Extracted data entries:
== Segment start ==

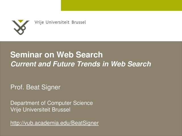 September 12, 2011 Conclusions ▪ Rapidly changing environment with innovative non- textual query interfaces ▪ semantic web, mobile applications, Internet of Things, ... ▪ market for many specialised search engines ▪ Technology brings new challenges for search engines ▪ e.g. increase in hidden data via Rich Internet applications (RIAs) ▪ Growing amount of semantic data ▪ reasoning over linked data ▪ Integration of results from different query engines ▪ e.g. Open Search and other initiatives ▪ One global machine ...
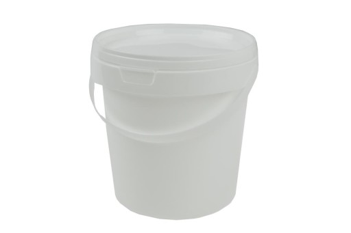 Okrągłe wiadro z uchwytem niezastąpione w sklepach z lakierami i w warsztatach wyposażonych w mieszalniki.
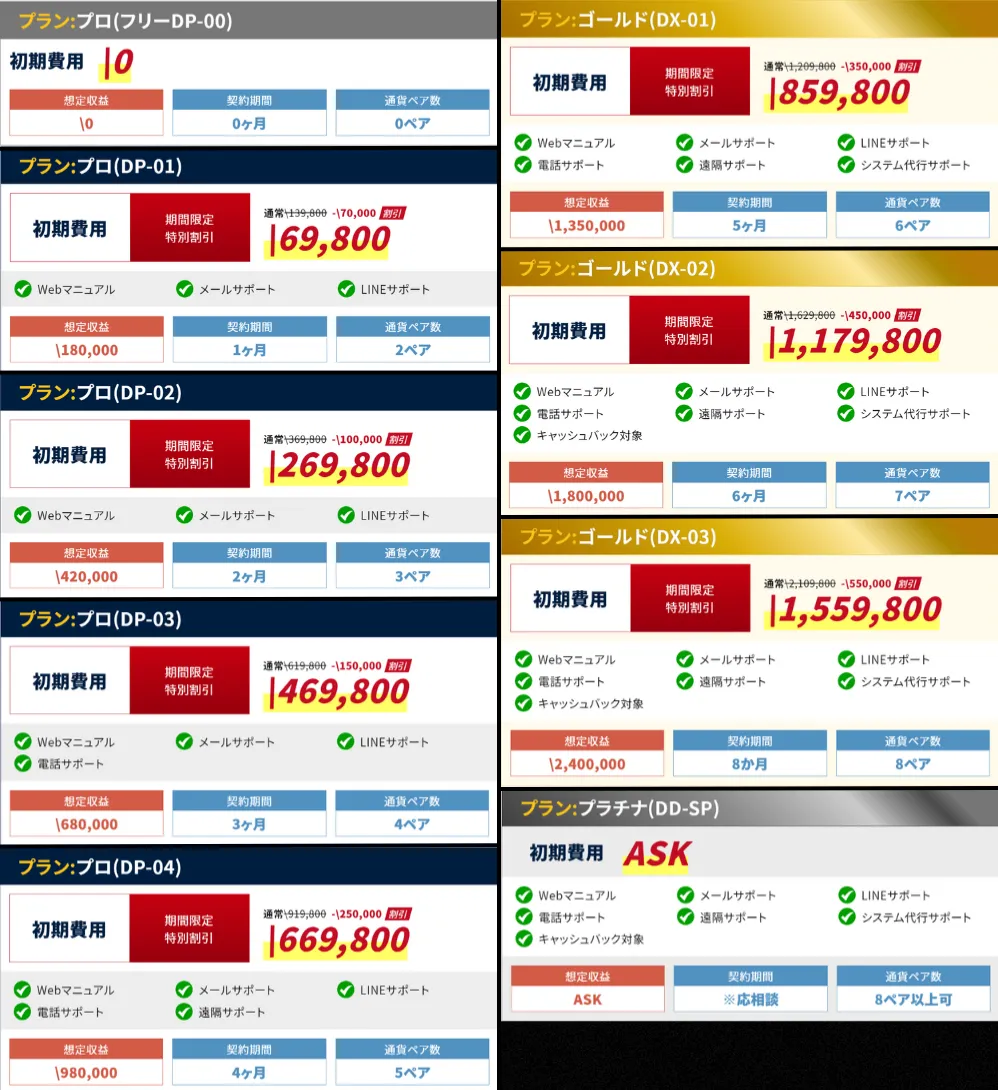 9つのプランに分けられており、価格は6万9,800円~155万9,800円以上と超高額です。
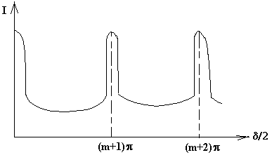 Рис. 3. Зависимость интенсивности в интерференц.. картине интерферометра Фабри - Перо от разности хода
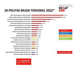 Politisi muda terpopuler yang menduduki nomor 1 yakni putra Presiden Joko Widodo yang saat ini menjabat Wali Kota Surakarta (Solo) Gibran Rakabuming. Dari unggahan di akun twitternya @gibran_tweet ia memposting hasil survey Indonesia Indicator dalam Indonesia Recap 2022. Kepopuleran Gibran disusul Wali Kota Medan Muhammad Bobby Alf Nasution yang tak lain adik iparnya sendiri. Kemudian ada nama Taj Yasin Maimoen Wagub Jawa Tengah putra Syaikhona KH. Maimun Zubair berada di urutan ke 6 dan ada Fandi Akhmad Yani Bupati Gresik juga masuk dalam jajaran politisi muda terpopuler diurutan ke 11.
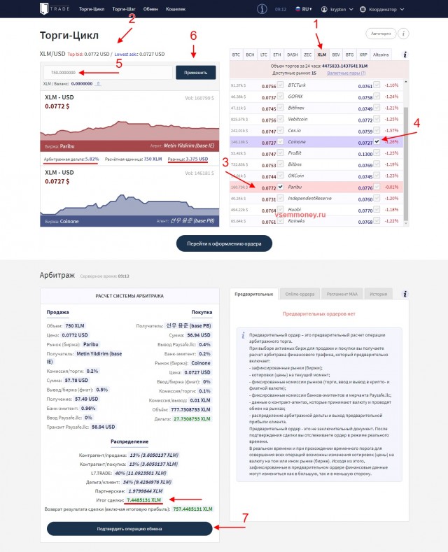 Первым делом нужно выбрать саму криптовалюту которой будем торговать. Нажимаем справа на XLM и криптовалюта выбрана (№1 на скриншоте). Затем нужно посмотреть на самый низкий и самый высокий курс для данной криптовалюты на биржах (№2 на скриншоте). Чем разница больше - тем нам лучше. Затем нам нужно отметить эти курсы в окошке справа (№3 и 4 на скриншоте). Следующий момент - ввести сумму криптовалюты которой мы желаем торговать (№5 на скриншоте). В нашем случае это 750 XLM. Затем жмём кнопку "Применить" (№ 6 на скриншоте). И подтверждаем операцию обмена (№ 7). Вот и всё. Наша сделка ушла в обработку.
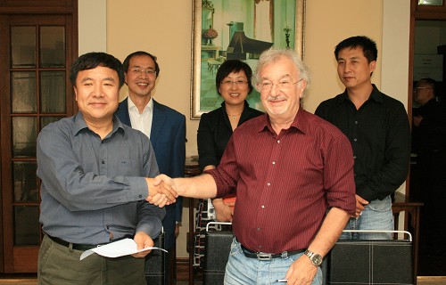 图为韩生院长与Gerard Gelas签订意向协议书后亲切握手
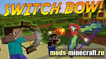Switch Bow добавляет улучшенный лук, колчан и 20 новых уникальных стрел с молнией, TNT, снежную, телепортирующую стрелу, с отравлением, с факелом, огнем, фейерверком, водную, огненную и стрелы с различными эффектами зелий. Прокручивая колесиком можно
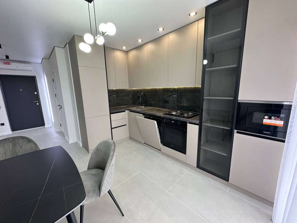 - всі необхідні меблі та техніка: посудомийка, кондиціонер, телевізор, холодильник, газова варильна поверхня, духова шафа, пральна машина
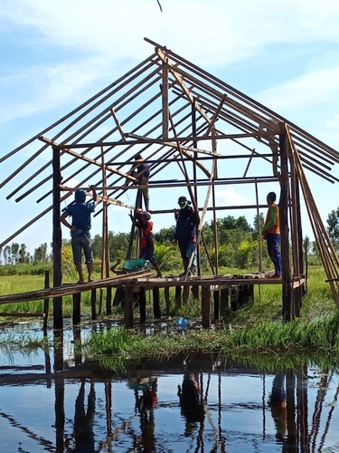 Fasdes DPG memantau kegiatan kelompok MPA Pematang Limau pembuatan pondok kerja di lokasi kegiatan demplot paludikultur Desa Pematang Limau, Kec. Seruyan Hilir, Kab. Seruyan, Kalteng, Selasa (25/10/2020).
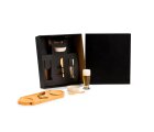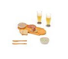 Composto por petisqueira com base em Bambu e dois potes em Fibra de Bambu; dois copos em vidro para Cerveja/Drinks e duas espátulas de 14 cm em Bambu.
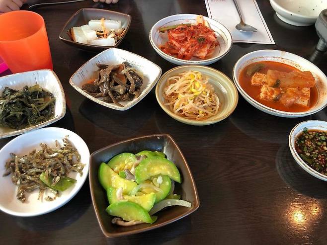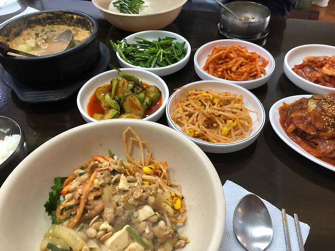 청국장을 주문하면 큰 대접을 내어주고 같이 비벼먹을 수 있게한 반찬들을 제공한다.
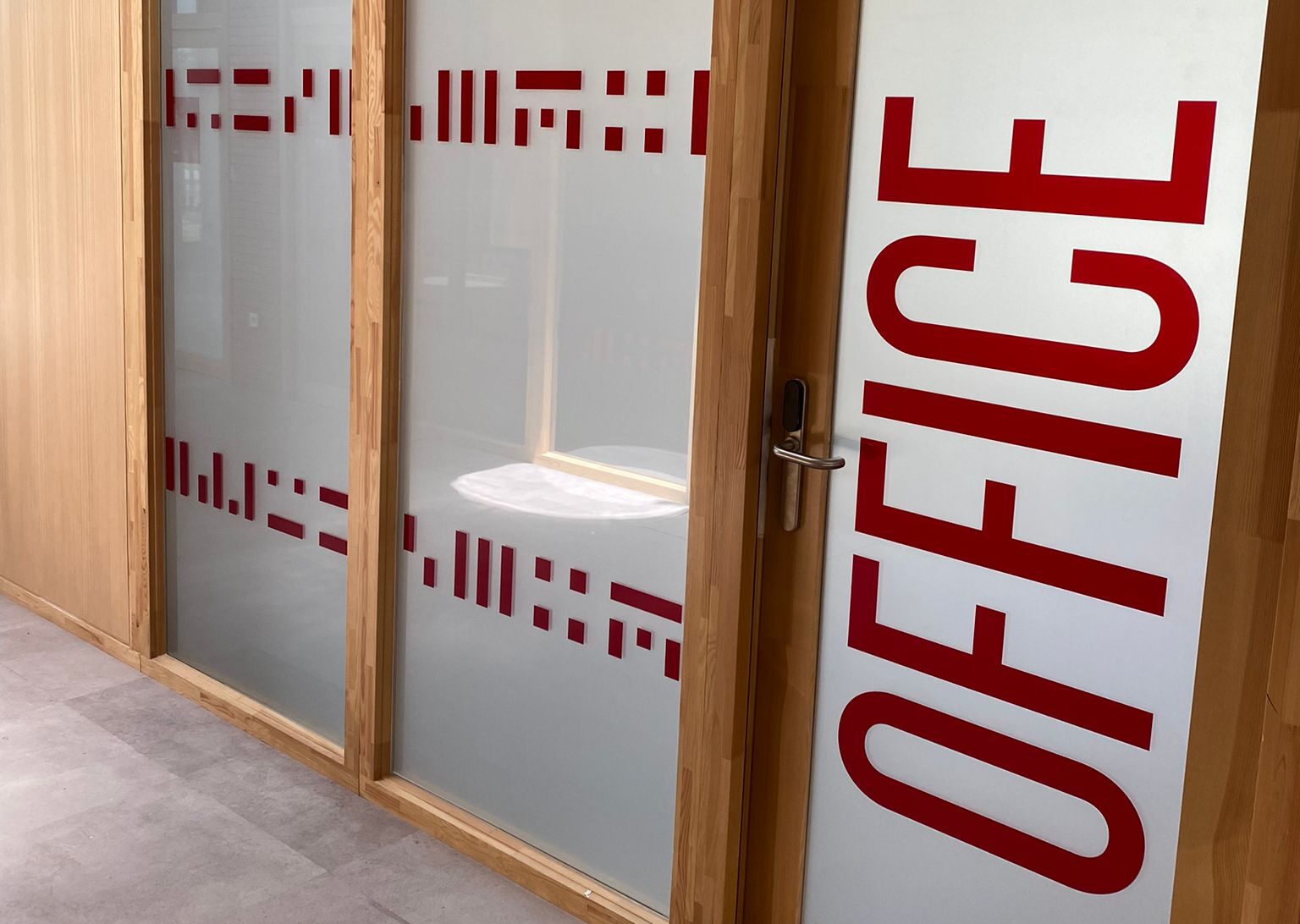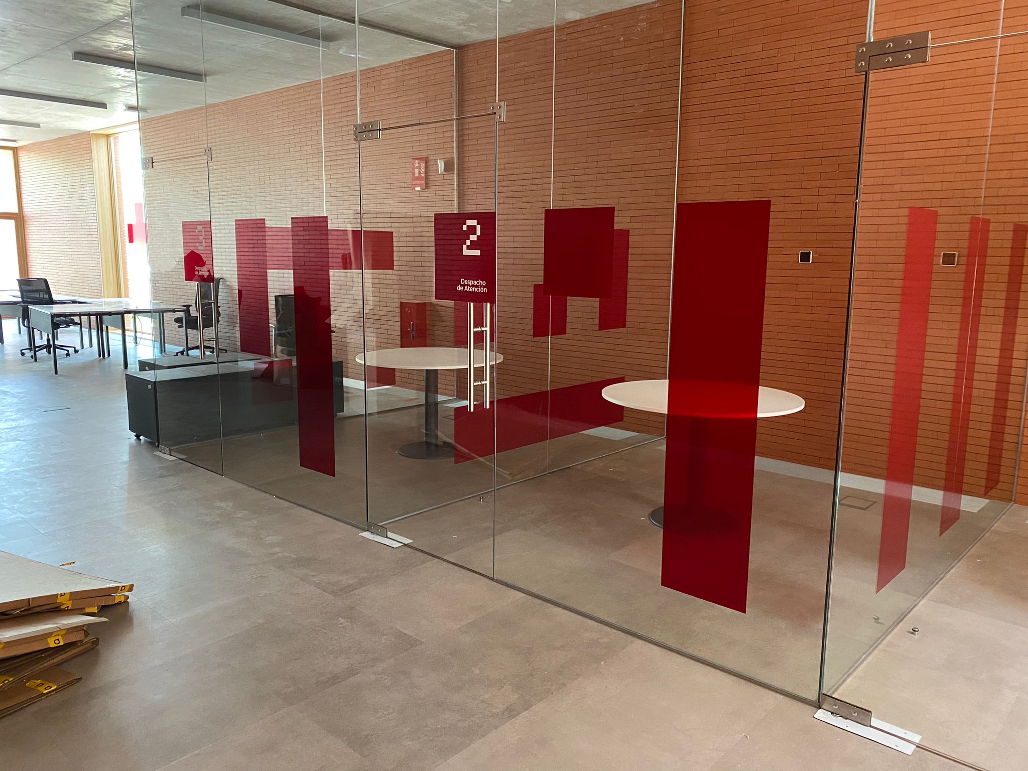 - Rotulación personalizada de salas y despachos: Utilizamos vinilos decorativos en cristaleras para aportar privacidad y transmitir el branding de forma elegante.

== Segment end ==

_ABOUT THIS TASK:_
Nothing but the lines from the one that contains "Switch Bow добавляет" through the last line of the records belongs in the answer, reproduced exactly, with no pictures.

_OUTPUT OF THE TASK:_
Switch Bow добавляет улучшенный лук, колчан и 20 новых уникальных стрел с молнией, TNT, снежную, телепортирующую стрелу, с отравлением, с факелом, огнем, фейерверком, водную, огненную и стрелы с различными эффектами зелий. Прокручивая колесиком можно
 - всі необхідні меблі та техніка: посудомийка, кондиціонер, телевізор, холодильник, газова варильна поверхня, духова шафа, пральна машина
 Fasdes DPG memantau kegiatan kelompok MPA Pematang Limau pembuatan pondok kerja di lokasi kegiatan demplot paludikultur Desa Pematang Limau, Kec. Seruyan Hilir, Kab. Seruyan, Kalteng, Selasa (25/10/2020).
 Composto por petisqueira com base em Bambu e dois potes em Fibra de Bambu; dois copos em vidro para Cerveja/Drinks e duas espátulas de 14 cm em Bambu.
 청국장을 주문하면 큰 대접을 내어주고 같이 비벼먹을 수 있게한 반찬들을 제공한다.
 - Rotulación personalizada de salas y despachos: Utilizamos vinilos decorativos en cristaleras para aportar privacidad y transmitir el branding de forma elegante.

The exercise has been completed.